Uncertainty quantification of thermal gap widths on internal temperatures in the TN-32B HBU demo cask

Abstract

The temperatures of internal components within spent nuclear fuel (SNF) packages must be predicted to ensure they remain within specified limits. These packages have multiple millimeter-scale gaps whose widths are affected by predictable and unpredictable factors. The thermal resistance across these gaps is proportional to their width and it is relatively large because the thermal conductivity of the gas within the packages is significantly lower than that of the metal components. Prior numerical research has demonstrated that variations in gap widths can result in peak cladding temperature varying by as much as 68 °C. In this work, a three-dimensional computational fluid dynamics model of the TN-32B SNF package that employs effective fuel region and gap properties is constructed. Forty steady-state simulations are performed for varying widths of nine different gaps within their possible ranges using the Latin Hypercube Sampling method.
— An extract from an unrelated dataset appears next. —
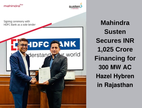 Mahindra Susten secures INR 1,025 crore financing from HDFC Bank for 300 MW Hazel Hybren Project in Rajasthan with NHPC as off-taker.

The best estimate of temperatures and their uncertainties at 63 SNF fuel locations are compared with measurements acquired from the High Burnup Spent Fuel Data project, where other researchers collected temperature data from a TN-32B SNF cask. The results showed that predicted temperatures have 95%-confidence-level interval uncertainties ranging between ±12 °C and ±21 °C due to uncertainties in the gap widths. Most of the measured temperatures, including the peak cladding temperature, are within the confidence intervals of the predicted ones. A proposed linear correlation between the simulated fuel temperatures and gap widths recreated 95% of the simulation results within ±1.6 °C. This correlation highlighted that uncertainty in the width of the Basket/Rail gap near the package periphery accounts for approximately half of the total temperature uncertainty.